Even the colder nations of Europe were subject to the same epidemic terror for witchcraft, and 'a specimen of it was exhibited in the sober and rational country of Sweden about the middle of last century, an account of which, being translated into English by a respectable clergyman, Doctor Horneck, excited general surprise how a whole people could be imposed upon to the degree of shedding much blood, and committing great cruelty and injustice, on account of the idle falsehoods propagated by a crew of lying children, who, in this case, were both actors and witnesses.
* The reader may sup full on such wild horrors in the Causes Celebris.
The melancholy truth, that " the human heart is deceitful above all things, and desperately wicked," is by nothing proved so strongly as by the imperfect sense displayed by children of the sanctity of moral truth. Both the gentlemen and the mass of the people, as they advance in years, learn to despise and avoid falsehood : the former out of pride, and from a remaining feeling derived from the days of chivalry, that the character of a liar is a deadly stain on their honour; the other, from some general reflection upon the necessity of preserving a character for integrity in the course of life, and a sense of the truth of the common adage, " that honesty is the best policy." But these are acquired habits of thinking. The child has no natural love of truth, as is experienced by all who have the least acquaintance with early youth. If they are charged with a fault while they can hardly speak, the first words they stammer forth are a falsehood to excuse it. Nor is this all.

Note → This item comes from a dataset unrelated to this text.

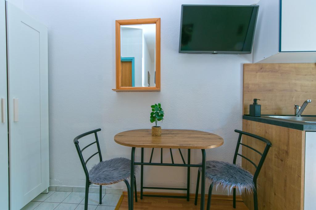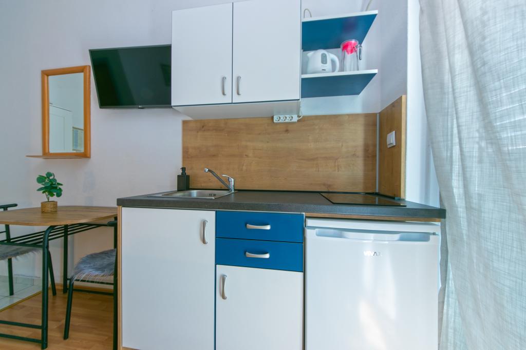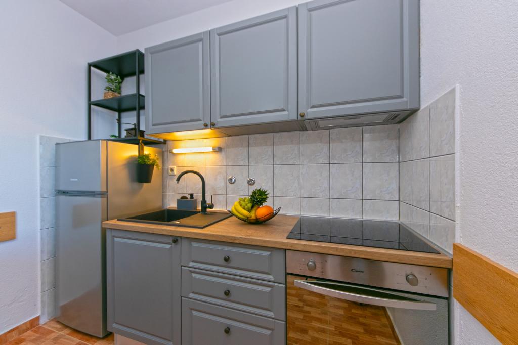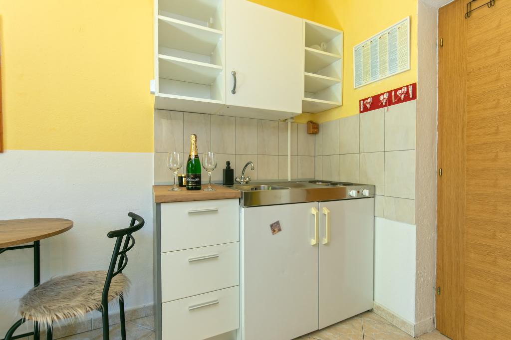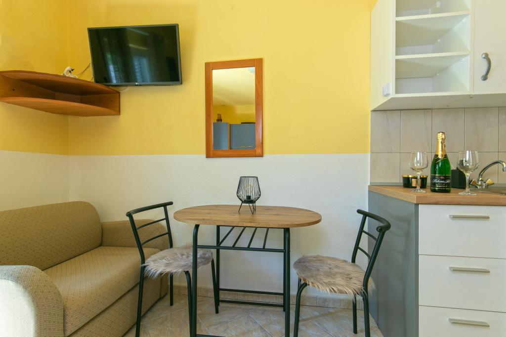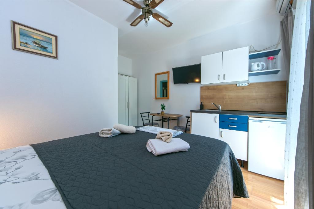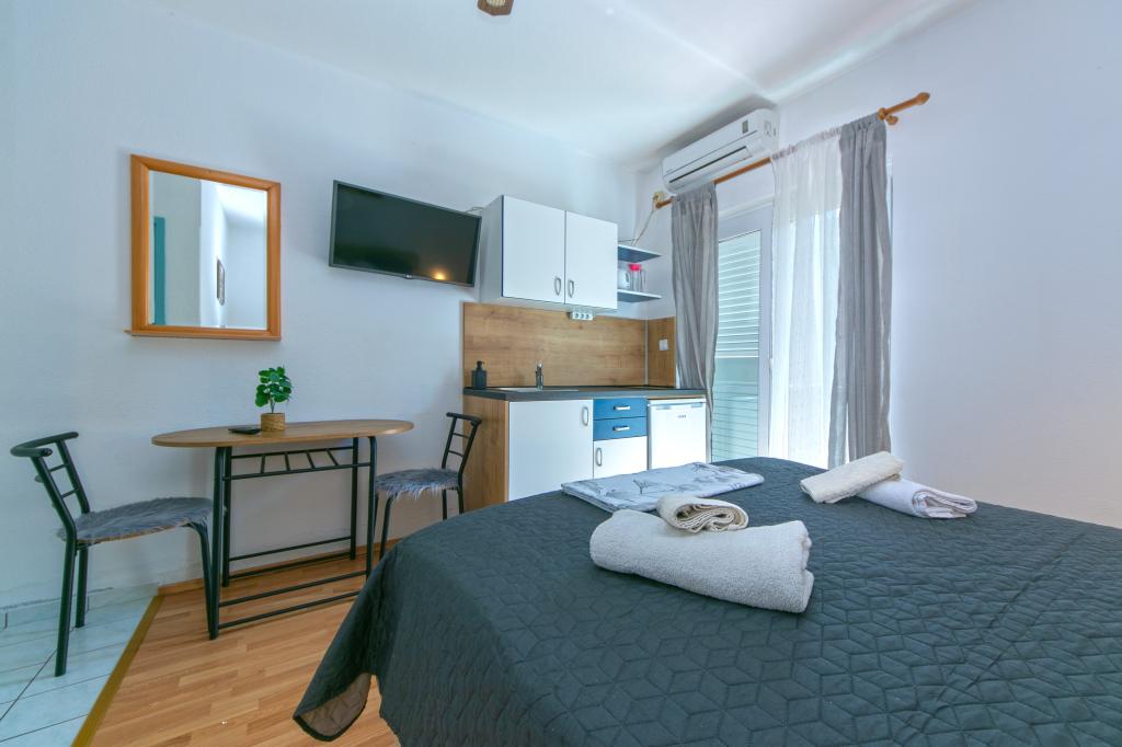 Apartments Hrvoje bevindt zich op een verhoogde positie in het rustige deel van Stomarica Street. Afstand van het kiezelstrand is ongeveer 3 minuten. lopen of 150 m. Aan de ene kant van het huis is er een uitzicht op de zee en de andere heeft een uitzicht op de berg Biokovo. Het familie aanbod van Jelčić is van kwaliteit en de gasten kunnen volledig ontspannen in de appartementen en een onvergetelijke vakantie doorbrengen. De appartementen voldoen aan alle gasten die een aangename vakantie willen doorbrengen. Het aanbod omvat appartementen met keuken, slaapkamer, airconditioning, satelliet-tv, badkamer en balkons. Achter het huis is een tuinterras met tafels waar u kunt ontspannen terwijl u geniet van de rustige sfeer met uitzicht op de zee. Ook verkrijgbaar is het gebruik van een buitengrill, maar een vriendelijke dame. Jelcic helpt ze graag. Parkeren is beveiligd.

The temptation of attracting attention, the pleasure of enjoying importance, the desire to escape from an unpleasing task, or accomplish a holiday, will at any time overcome the sentiment of truth, so weak is it within them. Hence thieves and housebreakers, from a surprisingly early period, find means of rendering children useful in their mystery ; nor are such acolytes found to evade justice with less dexterity than the more advanced rogues. Where a number of them are concerned in the same mischief, there is something resembling virtue in the fidelity with which the common secret is preserved. Children, under the usual age of their being admitted to give evidence, were necessarily often examined in witch trials ; and it is terrible to see how often the little impostors, from spite, or in mere gaiety of spirit, have, by their arts and perseverance, made shipwreck of men's lives. But it would be hard to discover a case which, supported exclusively by the evidence of children (the confessions under torture excepted), and obviously existing only in the young witnesses' own imagination, has been attended with such serious consequences, or given cause to so extensive and fatal a delusion as that which occurred in Sweden.